Выбрать главу

Su habitación de hospital es blanca, está casi vacía. Las paredes, blanco sucio; la estructura de la cama, blanco plateado; la ventana de cortinas venecianas, blanco a rayas.

El hombre de piedra pómez permanece delante de ella. Su sonrisa es más cercana, menos irónica. Su presencia produce la misma sensación que el olor a medicamentos. Consuelo mezclado con tristeza, con inquietud.

– Dentro de unos días le quitaremos los puntos.

Jadiya no puede contestar, ni siquiera reaccionar. Está desfigurada, lo sabe. El médico le coge suavemente la mano.

– No se preocupe, está espléndida.
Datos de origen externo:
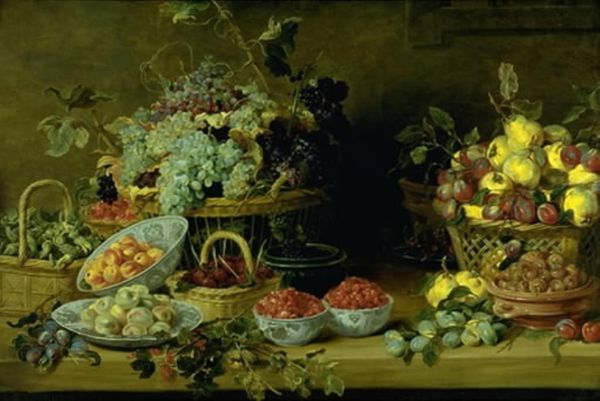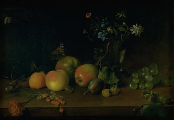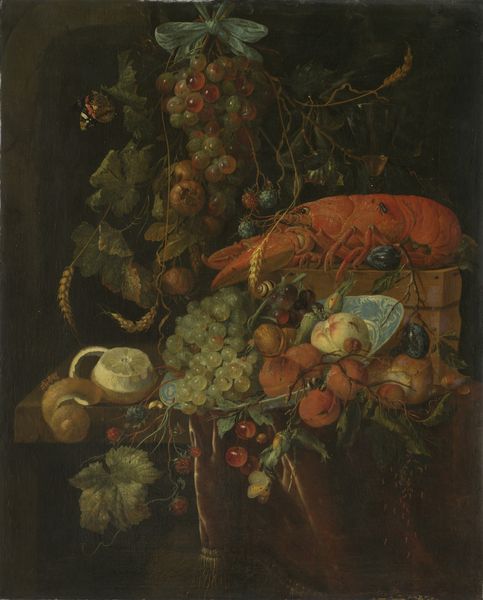 Abraham Mignon created this painting, Still Life with Fruit and Oysters, employing oils to capture a vivid scene. The composition is dominated by a rich collection of objects set against a dark backdrop, creating a striking contrast that highlights the textures and colours. Mignon masterfully arranges an array of fruits, oysters, and ornate glassware, each rendered with meticulous detail. The scene overflows with symbolic suggestion, typical of the still-life genre. The dark background serves not just as a void but as a critical element that pushes the objects forward, intensifying the experience. Notice how the artist uses light to pick out the textures of the oysters and the sheen on the grapes, enhancing their sensory appeal. The arrangement isn't haphazard but a deliberate construction meant to engage the viewer’s gaze and prompt contemplation about abundance and transience. The objects are not merely represented; they are composed to challenge our understanding of luxury, decay, and the complex relationship between art and nature. The painting thus functions as a semiotic field, inviting continuous interpretation and re-evaluation.
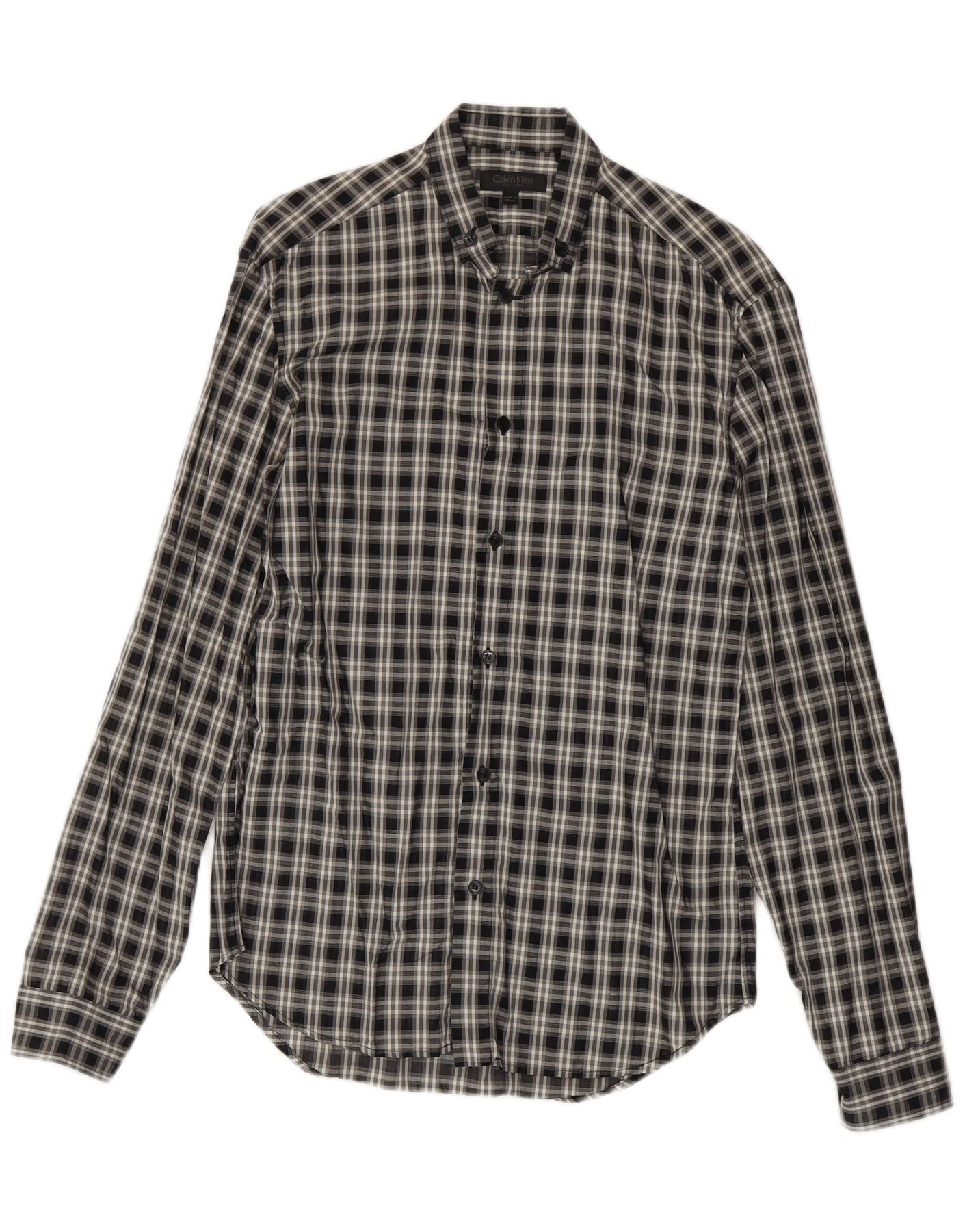 Мужская рубашка Calvin Klein в клетку среднего размера, черный хлопок, хлопок

Probablemente no le quedará ninguna cicatriz. -Hace como si mirara detrás de él, por encima del hombro-. El médico que la ha operado es el mejor. Uno de los cirujanos plásticos más brillantes de La Salpêtrière. Ha hecho una obra maestra.

Ella continúa observándolo. Cada parpadeo es una pregunta muda. El hombre prosigue:

– Yo me he ocupado de reanimarla. De curarle las heridas. Eran numerosas, pero superficiales. Sus venas están cicatrizando muy deprisa. Estaban también las quemaduras provocadas por la cola, pero ninguna era profunda tampoco. -Le presiona ligeramente la mano-. Está en vías de curación. No la engaño.

Jadiya se aventura a pronunciar:

– ¿Marc?

Mejor. La quemadura es más tenue.

– Sigue en coma. Pero despertará. Tenemos su historial médico. Ya le ha pasado esto dos veces. No hay ninguna razón para pensar que no va a volver en sí, como sucedió las veces anteriores.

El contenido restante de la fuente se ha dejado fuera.